In init_model() we must not call self.model.tie_weights(). Reason:

  • After tie_weights(), lm_head.weight and embed_tokens.weight point to the same meta tensor.
  • During forward(), we load embed_tokens from disk; set_module_tensor_to_device() replaces that parameter with a new tensor on GPU.
  • The tie is broken: lm_head.weight still points to the old meta tensor, which is never loaded → logits are all zeros.

So for layer-streaming, ties are harmful at init. We keep the two parameters independent.

Handling tied checkpoints

When the checkpoint has tie_word_embeddings=True, the safetensors file often does not contain lm_head.weight (only model.embed_tokens.weight). The split for lm_head is then empty.

In forward(), when we are about to run the lm_head layer:

  • If the loaded state_dict for that layer is empty and config.tie_word_embeddings is True, we load the embedding layer again and set lm_head.weight from that tensor.

This way models like Qwen2.5, Llama, Mistral, etc. work correctly without ever calling tie_weights().

KV Cache and Attention Implementations

Cache format (DynamicCache vs tuples)

From transformers ≥ 4.36, attention layers expect a Cache object (e.g. DynamicCache) for past_key_value when use_cache=True. If we pass None, they return None for the cache and our list of KV tensors stays empty → torch.cat() on empty lists fails.

So we always pass a DynamicCache to each layer when use_cache=True (when transformers.cache_utils is available). The property _uses_cache_objects in the base class reflects this.

Attention implementations

  • eager: Standard HuggingFace attention. Requires a float additive causal mask (0.0 = attend, large negative = mask). A boolean mask does not work (it does not mask correctly in the softmax).
  • sdpa: PyTorch scaled dot-product attention. We pass attention_mask=None so SDPA uses its native causal masking (is_causal=True); a manual mask can cause numerical issues.
  • flash_attention_2: Requires flash-attn, Ampere+ GPU, and fp16/bf16. Expects a 2D mask; causality is handled internally.
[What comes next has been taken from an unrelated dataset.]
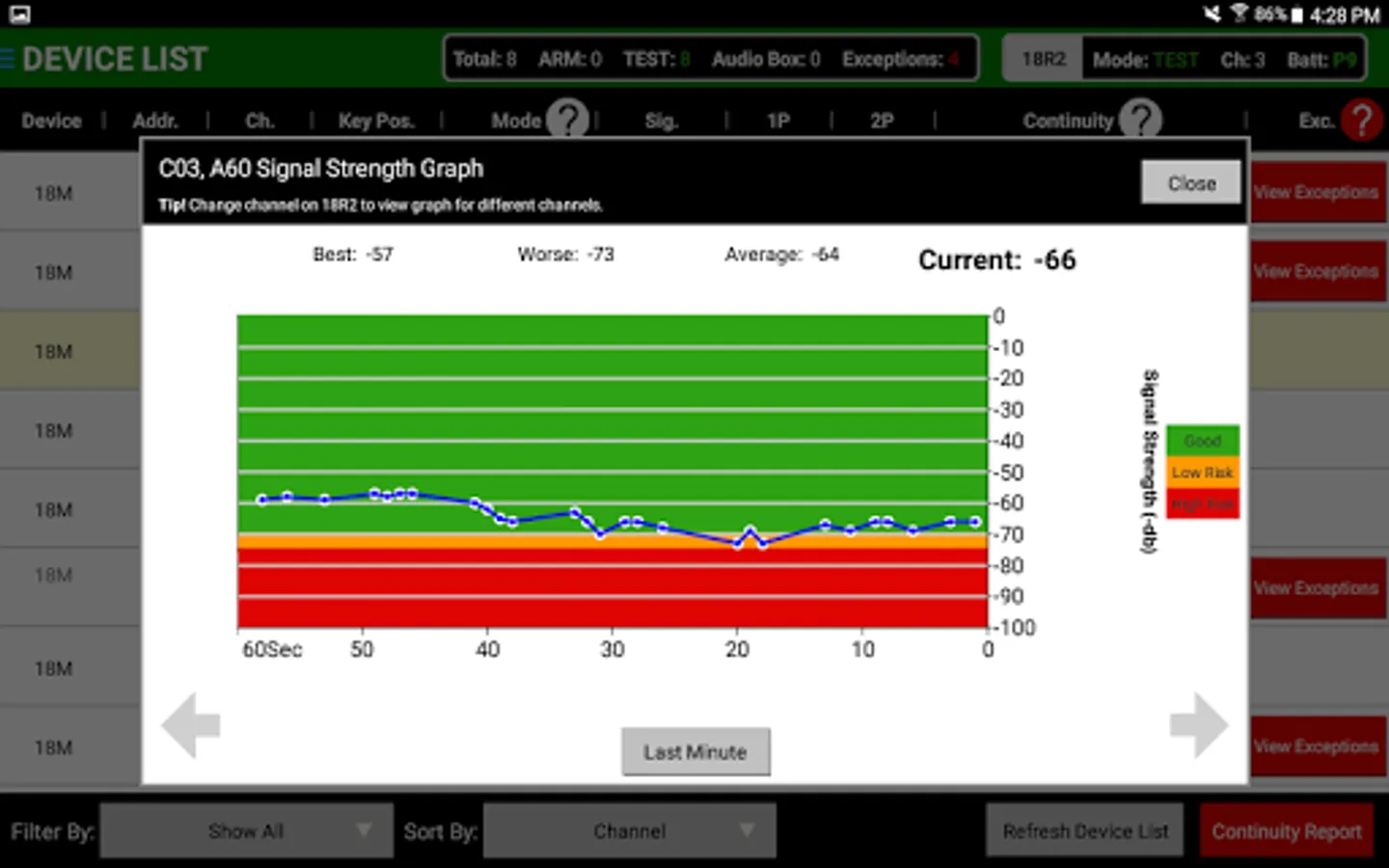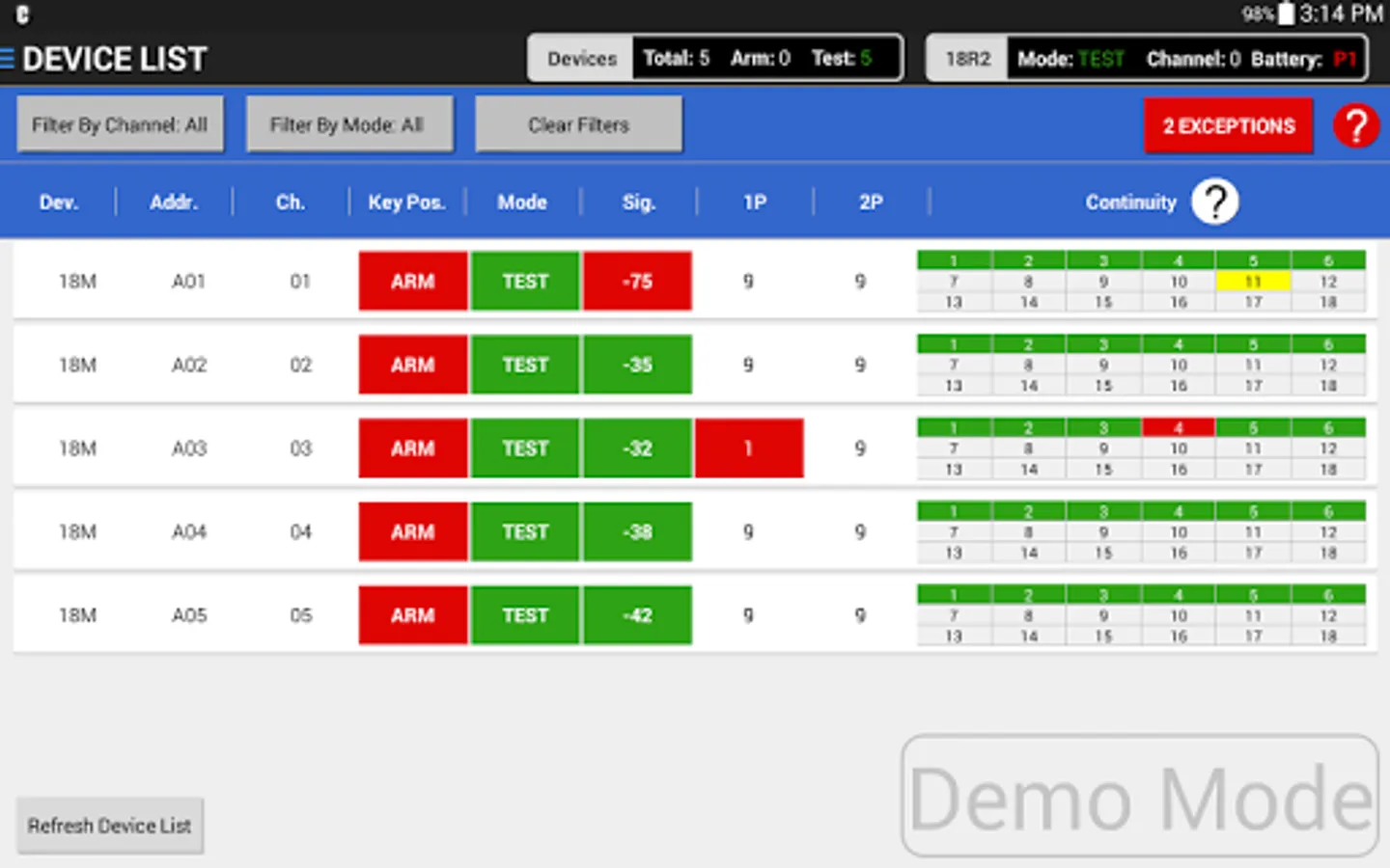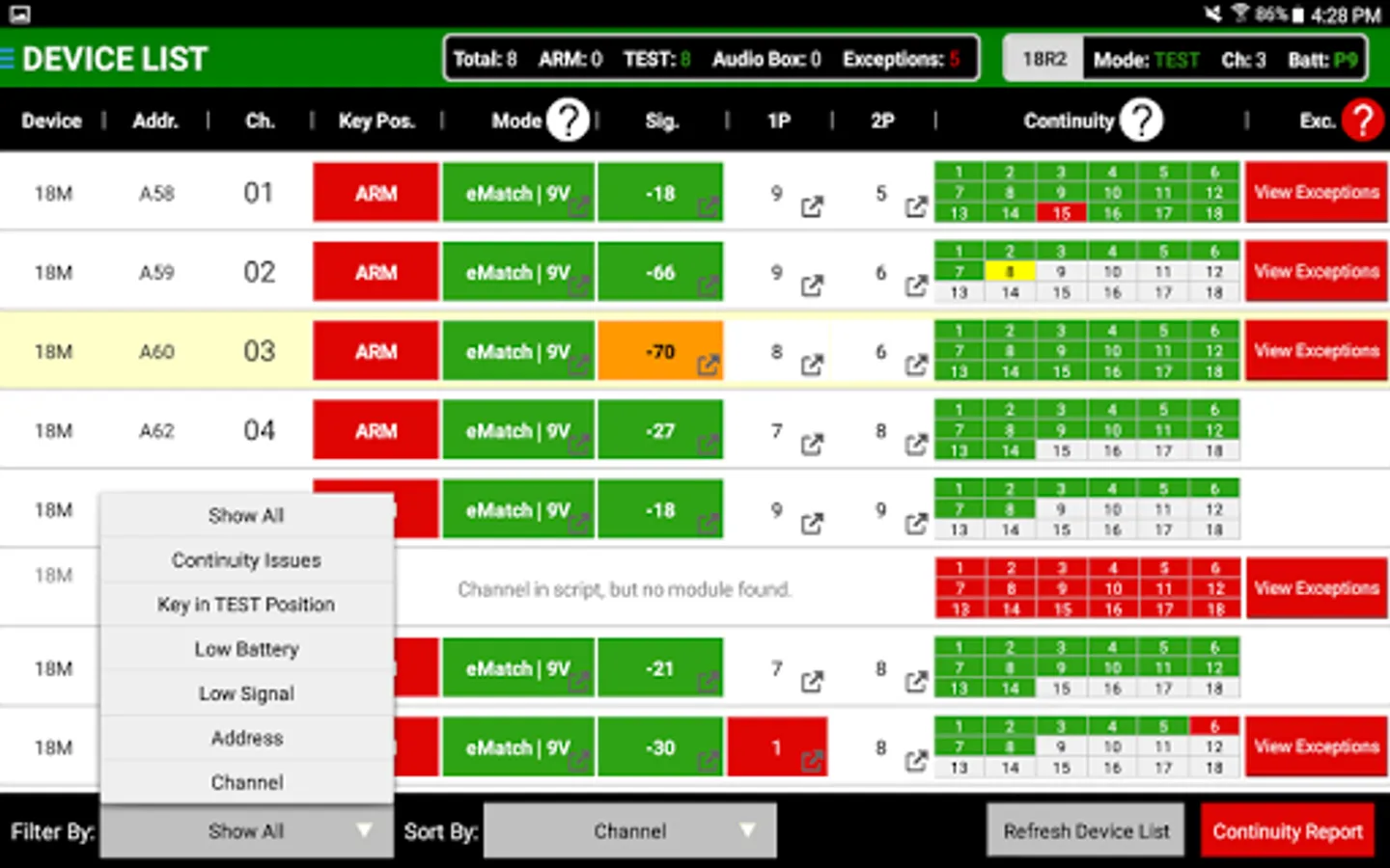 Device List - Detailed listing of modules including channel, address, key position, mode, signal strength, battery levels and continuity.

We always pass attn_implementation explicitly when creating the model with from_config(). In transformers 4.44+, the default is SDPA; if we did not pass the parameter, the created model could use SDPA while our code assumed eager (e.g. building a float mask), leading to wrong behavior or alignment errors.

Model-specific cache kwargs

Some older or custom architectures use a different keyword for the cache:

  • QWen v1: layer_past (tuple).
  • ChatGLM: kv_cache (tuple).

The base _make_layer_past_kv_arg() currently always returns past_key_value when using cache objects. For those models, either they must keep using the legacy tuple path (no DynamicCache), or the base logic must be extended to respect their overrides of get_past_key_value_args() so the correct key name is used. See COMPATIBILITY.md.

Layer-streaming forward loop

The logic is split across src/rabbitllm/engine/: base.py holds RabbitLLMBaseModel and the main forward() / _run_layer_streaming_loop(); attention.py and model_init.py handle model creation and attention fallback; layer_loading.py handles loading and moving layer weights; forward_utils.py handles attention mask/position_ids and KV extraction from layer outputs.

  1. Recreate the model skeleton (init_model()).
  2. For each layer name in order (embed → layers → norm → lm_head):
    • Load that layer’s state_dict from disk (and for tied lm_head with empty split, load embed and assign to lm_head).
    • Move parameters (and optionally buffers) to the target device.
    • Run the layer on the current batch of hidden states; append KV cache if use_cache.
    • Move that layer back to meta and free GPU memory.
  3. Return logits (and optionally past_key_values, hidden_states, attentions).

Prefetching (when enabled) overlaps loading the next layer with the current layer’s compute.